Isoniazid acts as a front-line drug of choice for the treatment of tuberculosis by inhibiting cell wall lipid synthesis [1].
Isoniazid is a prodrug, activated by the mycobacterial catalase-peroxidase enzyme (KatG) in mycobacterium to an active form which disturbs cell wall lipid synthesis, and then exerts a lethal effect on an intracellular target [1].
In Mycobacterium tuberculosis treated with Isoniazid at a concentration of 0.5 μg/mL, the cells stared losing their ability to synthesize mycolic acids immediately, and completely lost this ability after 60 min. The viability of the Isoniazid-treated cells remained, up to ~ 60 min of exposure, after which there was a gradual decline in the viability to ~ 18% after 180 min [2].
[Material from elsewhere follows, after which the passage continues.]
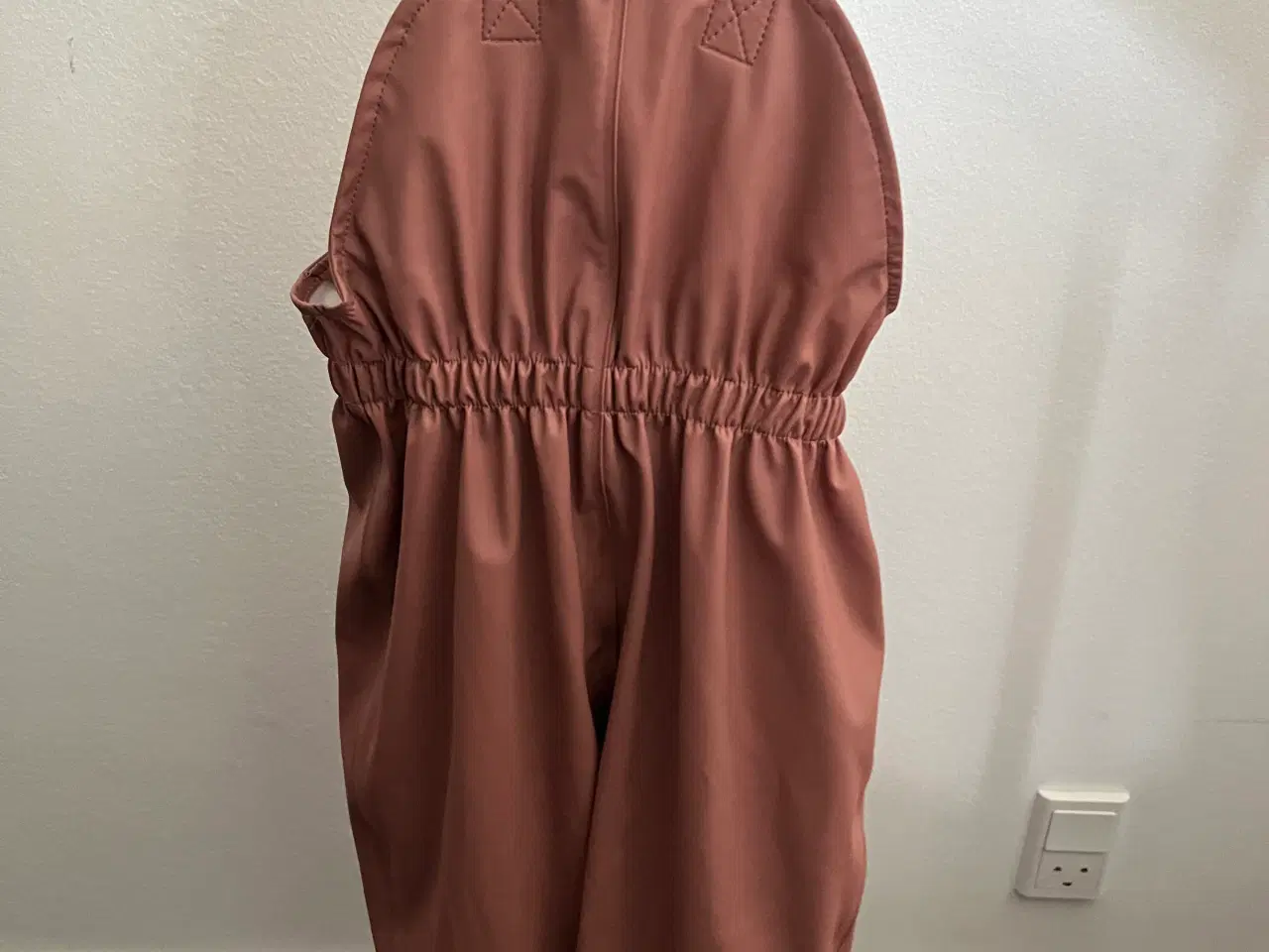Regntøj sæt fra Mikk-Line str. 86, rigtig fin stand uden synlig slid, har dog lidt pletter inde i jakken forneden bag på samt i ærmerne og en lille plet på det ene ben på forsiden. Pletterne er ej forsøgt fjernet, se billederne. Der mangler et elastikbånd i det ene bukseben til at sætte under støvlen, men det har ingen betydning for selve brugen af regnbukserne, da buksebenet godt kan holdes på plads uden på støvlen. Købt fra ny og brugt af et barn. Fra røg, dyr og parfume fri hjem. Til salg flere steder. Pris 130 kr

In a randomized clinical trial, Group I was assigned to Isoniazid 300 mg per day for 6 months and Group II was assigned to Isoniazid 300 mg per day plus Rifampin 600 mg per day for 3 months, for the treatment of latent tuberculosis infection. Hepatotoxicity was 44% in Group I and 29% in Group II [3].
References:
[1]. Mdluli K, Slayden R A, Zhu Y, et al. Inhibition of a Mycobacterium tuberculosis beta-ketoacyl ACP synthase by isoniazid. Science, 1998, 280(5369): 1607-1610.
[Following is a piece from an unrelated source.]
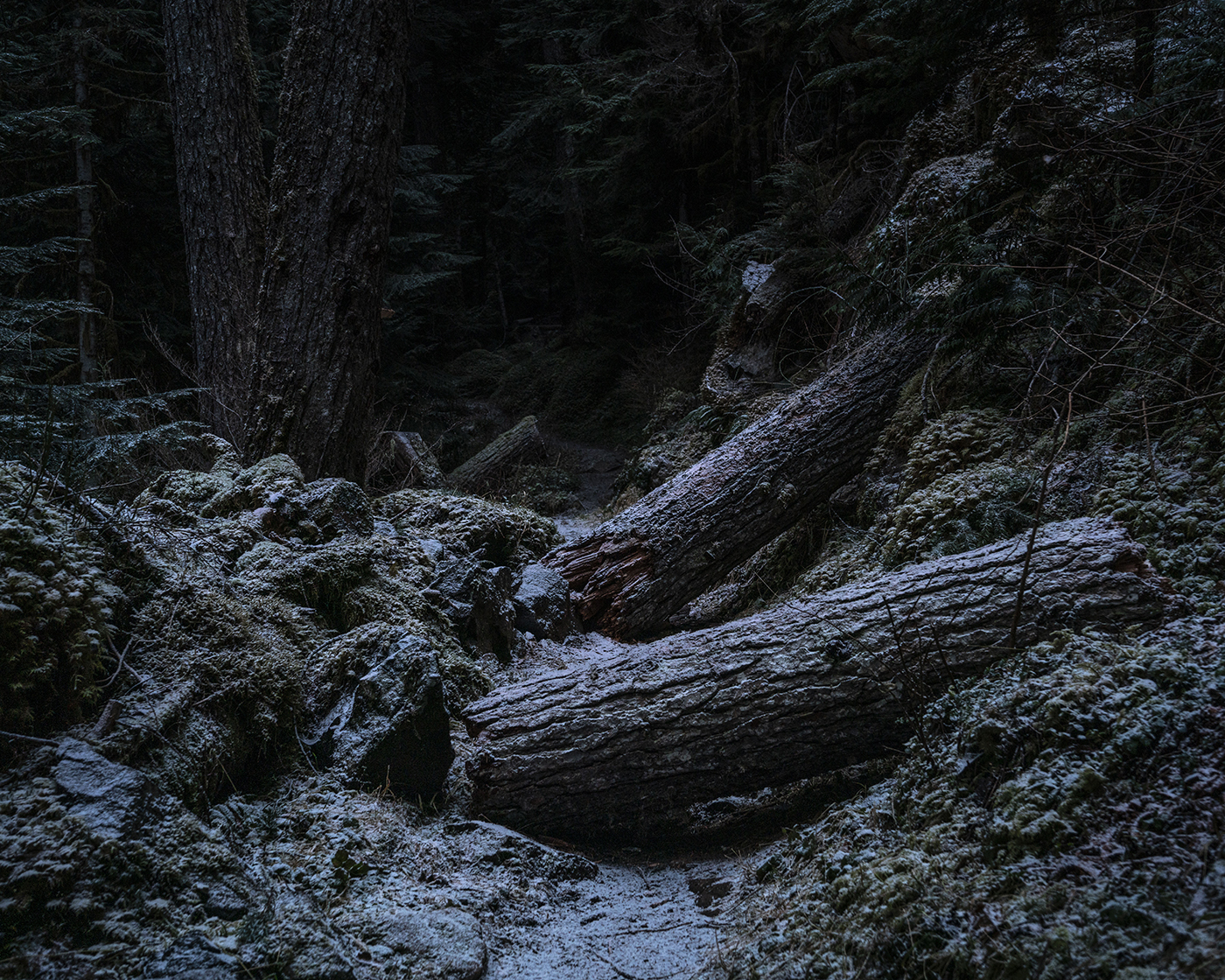 "Pseudo Night" utilizes photography to explore the representation and sublimation of walking through a landscape. This photographic series meditates on the physicality of walking, interpretation of my surroundings, and how those two ideas correlate. These images are an immersive experience of what it is like to travel through time and space. I photograph during the day to represent nights-capes. This approach is influenced by old Western films that would film night scenes during the day. I use this technique to create a scene that isn’t natural. I am conceptually drawn to the idea of what is more real, an observational photograph of the trail at night, or a constructed one? What is truer to the experience and how can I relay that to my viewers? These night scenes reflect a suspended moment in time that happens during my long walks. The carving of roads and single track trails show the impact of human presence. Playing with traditional troupes in imagery, such as the Rückenfigur or presence through absence, these images both invite and caution one to the edge of the woods.

[2]. Takayama K, Wang L, David H L. Effect of isoniazid on the in vivo mycolic acid synthesis, cell growth, and viability of Mycobacterium tuberculosis. Antimicrobial Agents and Chemotherapy, 1972, 2(1): 29-35.
[3]. Geijo M P, Herranz C R, Vaño D, et al. Short-course isoniazid and rifampin compared with isoniazid for latent tuberculosis infection: a randomized clinical trial. Enfermedades Infecciosas Y Microbiologia Clinica, 2007, 25(5): 300-304.